# Thread: Prove that function is identically zero?

1. ## Prove that function is identically zero?

Let $f(x)$ be a continuous function in $[-1, 1]$ and satisfies $2f(2x^2 - 1) = 2x\cdot f(x)\ \forall\ x\in [-1, 1]$. Prove that $f(x)$ is identically zero $\forall\ x\in [-1, 1]$.

2. Originally Posted by fardeen_gen
Let $f(x)$ be a continuous function in $[-1, 1]$ and satisfies $2f(2x^2 - 1) = 2x\cdot f(x)\ \forall\ x\in [-1, 1]$. Prove that $f(x)$ is identically zero $\forall\ x\in [-1, 1]$.
$2f(2x^2 - 1) = 2x\cdot f(x)\ \forall\ x\in [-1, 1]$

2 cancels out both sides, why it is there?

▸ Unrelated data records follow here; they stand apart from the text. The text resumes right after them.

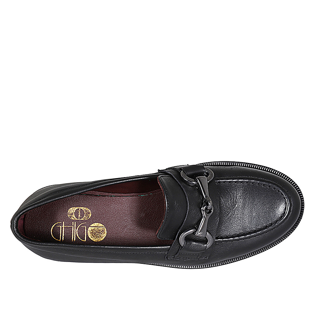 Woman's mocassin with removable insole and accessory in black leather heel 3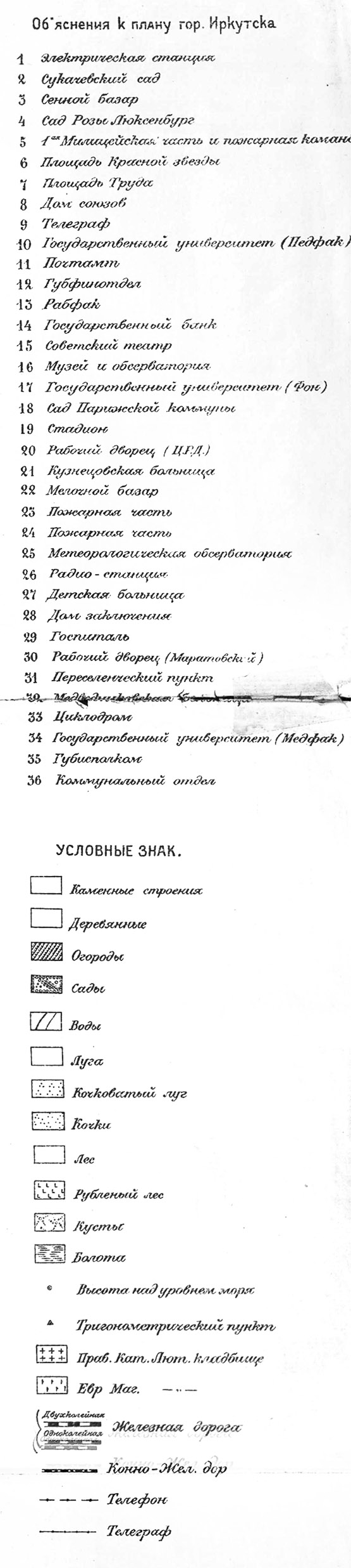 Издание Иркутского Военно Топографического отдела. Масштаб 1:16800, 200 саженей в дюйме. Отпечатано в мае 1924 года. Из книги: "Весь Иркутск. Адресно-справочная телефонная книга на 1924 г."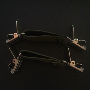 Green mitten clips with metal clasps to hold kids to their mittens/gloves.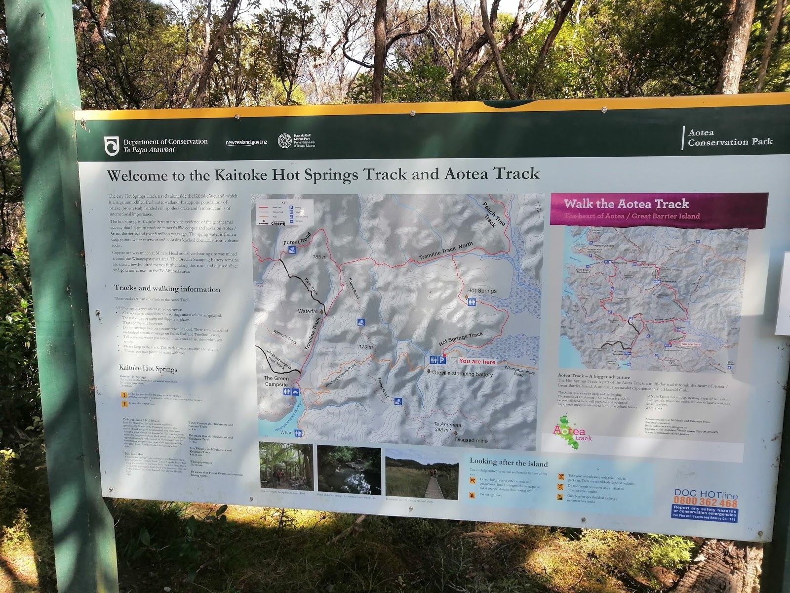 🚶♀️ Start at Kaitoke Hot Springs Track trailhead, located off Whangaparapara Road. It’s well signposted and has a small parking area nearby.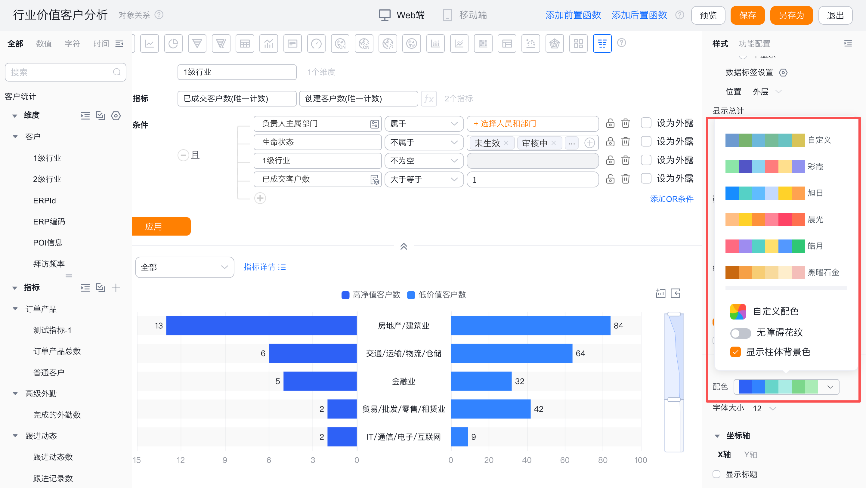 - 图表级自定义配色:可针对指标自定义设置柱子的显示颜色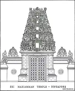 A line drawing of Sri Mariamman Temple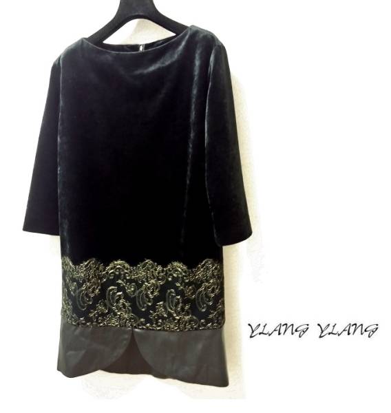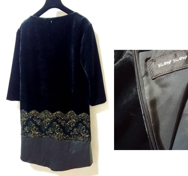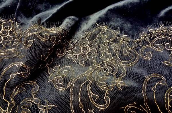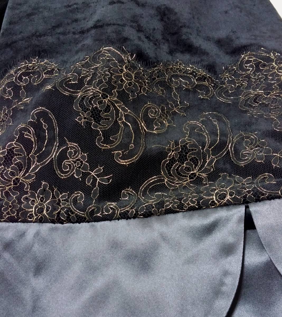 しっとりした柔らかなベルベットに金糸の刺繍レースを重ね、裾をシルクで切り替えた高級感のあるデザインです。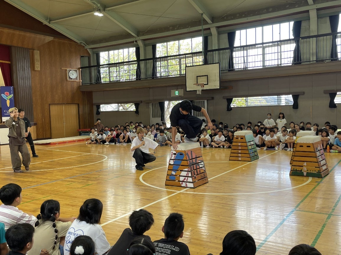 講演では、パルクールのトップ選手が「パルクールの楽しさ」や「パルクールを通した自分らしい生き方」を児童に伝え、また、デモンストレーションでは、アクロバットな演技に児童のみならず、教職員も大興奮!次世代のアーバンスポーツ“パルクール”の魅力と本質を余すことなく伝えました。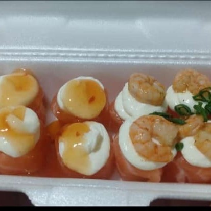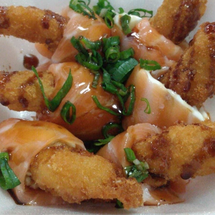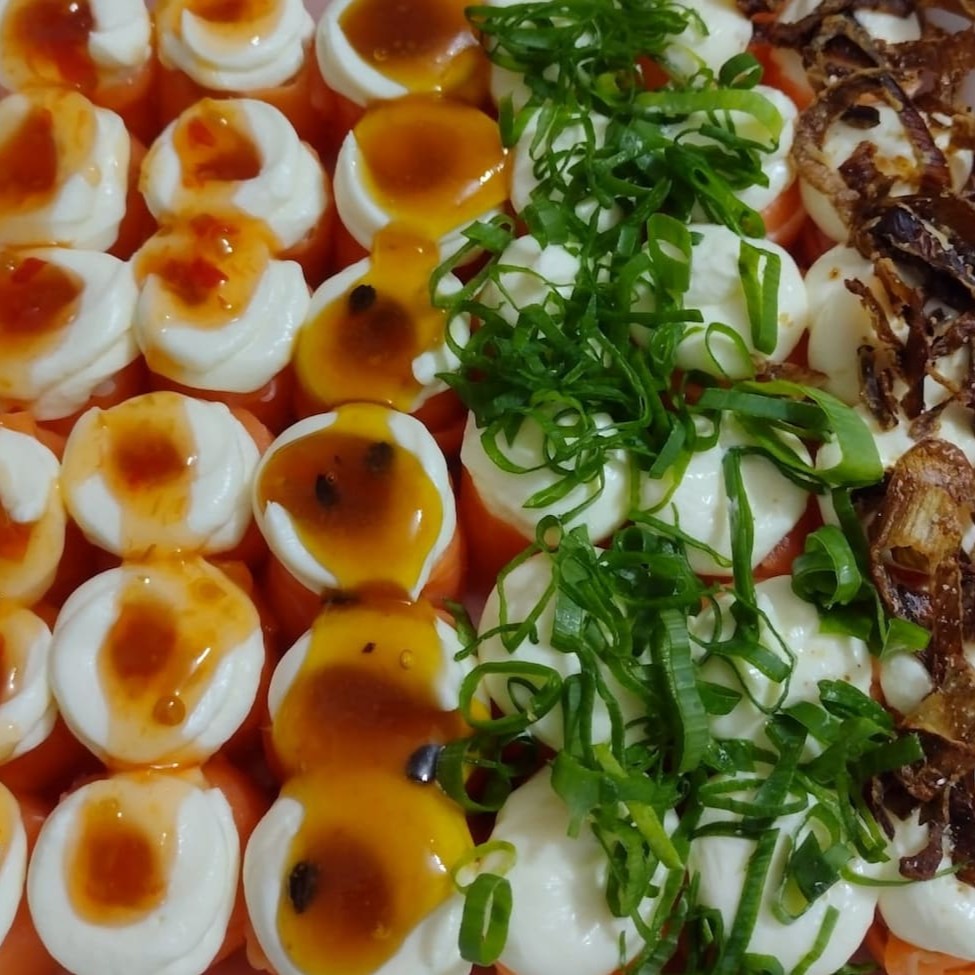 Deliciosas peças de haru hot de salmão com cream cheese e camarão fritinho por cima e cebolinha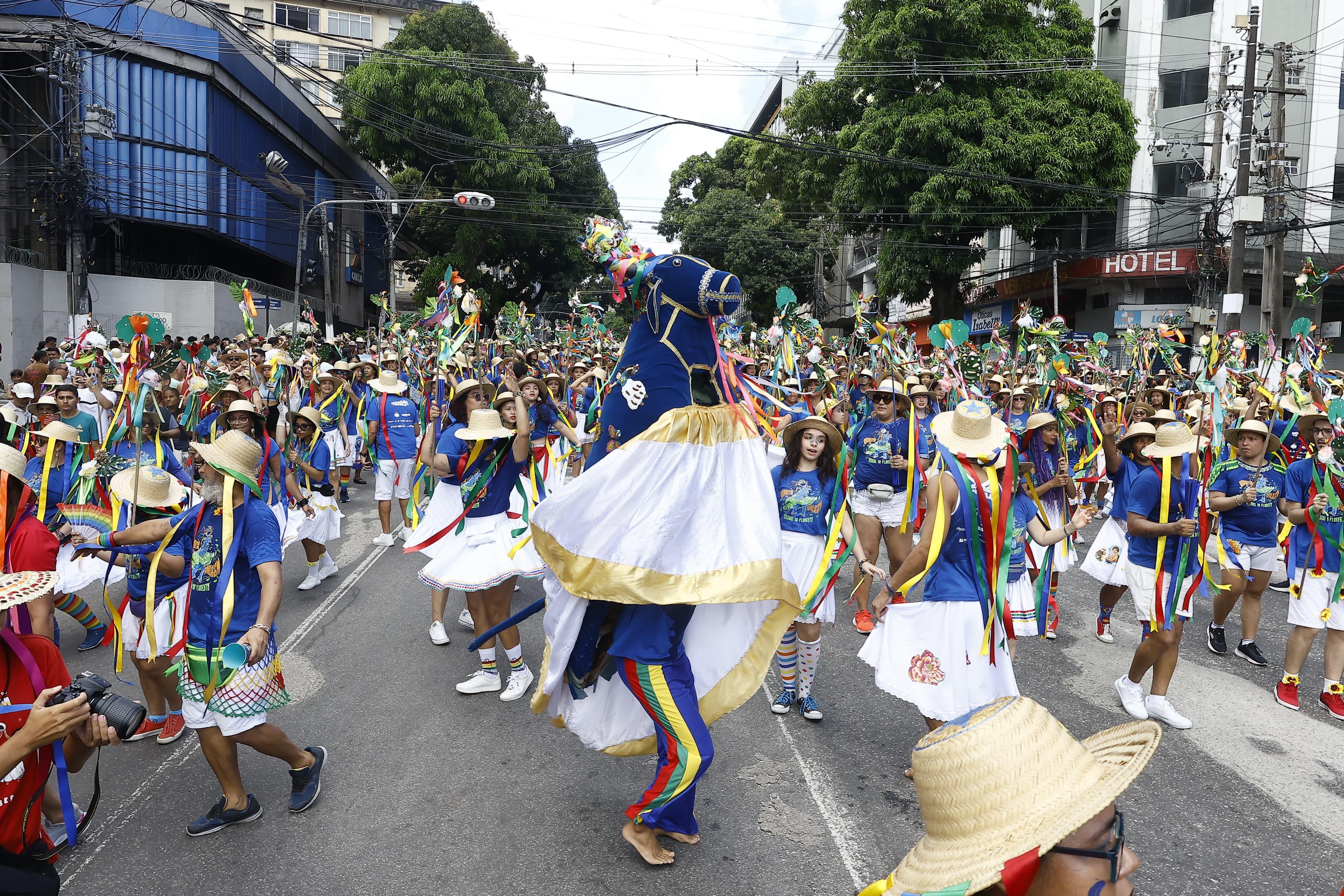 O centro de Belém amanheceu neste domingo (15/06), tomado por chapéus coloridos com fitas azul, verde, amarela e vermelha, música e cultura popular. O cenário marcava a expectativa para o início da temporada de cortejos do Arrastão do Pavulagem, que realizou sua primeira edição de 2025 com a participação de um número recorde: 1.200 integrantes no Batalhão da Estrela. Os próximos cortejos acontecerão nos dias 22 e 29 de junho e 6 de julho.

I think it may be $f(2x^2 - 1) = 2x\cdot f(x)\ \forall\ x\in [-1, 1]$.

3. Well, I'm having a go at $f(2x^2-1)=2xf(x)$, which seems more sensible. To start with, putting $-x$ for $x$ shows that $f(-x)=-f(x)$, so we can concentrate on the interval $[0,1]$.

So put $x=\cos\theta$ for $\theta\in[0,\pi/2]$ to derive $f(\cos 2\theta)=2\cos\theta f(\cos\theta)$ (1).

Putting $x=\sin\theta$ gives $f(-\cos 2\theta)=2\sin\theta f(\sin\theta)$, or $f(\cos 2\theta)=-2\sin\theta f(\sin\theta)$ (2).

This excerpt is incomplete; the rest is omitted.